This work addresses outlier-robust filtering and keypoint refinement for sparse image matching without deep learning, under the assumption that motion flow is locally modeled by homographies. We propose a modular geometric framework grounded in virtual planar surfaces: (i) iterative RANSAC clusters planar motion hypotheses and removes outliers; (ii) keypoint locations are refined via reprojection constraints and template matching; and (iii) an intermediate homographic distortion minimization mechanism enhances adaptability to non-planar scenes. To our knowledge, this is the first framework unifying planar clustering, cross-patch correlation-based refinement, and intermediate homography optimization. It remains highly robust even with unknown camera intrinsics. Evaluated on standard benchmarks and uncalibrated real-world imagery, it matches or surpasses state-of-the-art deep learning methods—demonstrating the efficacy and scalability of geometry-driven matching within practical image processing pipelines.

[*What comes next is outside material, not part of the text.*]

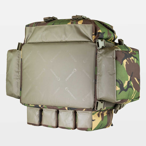 Designed around todays carp angler with various sized external pockets to take oils, glugs, stick mixes, sprays etc. and four front hook bait pockets taking up to 12 pots. The main compartment will take up to 12kg of bait or will accept the small and medium bait/cool bags enabling the angler to take different sizes and types of bait.
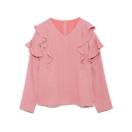 【さりげないフリルが映える、大人の甘口ブラウス】通勤にも似合うきれいめ素材を使用しているので、上品さも格別。シワになりにくく、デイリーに重宝します。さらりと軽く、肌触りがいいところもうれしいところ。袖にあしらったラッフルフリルが、さりげなく女らしさを引き寄せるブラウス。さりげないVネックが、全体の甘さを上手に引き締めています。シルエットはボックス型なので着回し力も高め。品良く映えるので、オンスタイルやデートにもぴったり。締切日時

This paper introduces a modular, non-deep learning method for filtering and refining sparse correspondences in image matching. Assuming that motion flow within the scene can be approximated by local homography transformations, matches are aggregated into overlapping clusters corresponding to virtual planes using an iterative RANSAC-based approach, with non-conforming correspondences discarded. Moreover, the underlying planar structural design provides an explicit map between local patches associated with the matches, enabling optional refinement of keypoint positions through cross-correlation template matching after patch reprojection. Finally, to enhance robustness and fault-tolerance against violations of the piece-wise planar approximation assumption, a further strategy is designed for minimizing relative patch distortion in the plane reprojection by introducing an intermediate homography that projects both patches into a common plane. The proposed method is extensively evaluated on standard datasets and image matching pipelines, and compared with state-of-the-art approaches. Unlike other current comparisons, the proposed benchmark also takes into account the more general, real, and practical cases where camera intrinsics are unavailable. Experimental results demonstrate that our proposed non-deep learning, geometry-based approach achieves performances that are either superior to or on par with recent state-of-the-art deep learning methods. Finally, this study suggests that there are still development potential in actual image matching solutions in the considered research direction, which could be in the future incorporated in novel deep image matching architectures.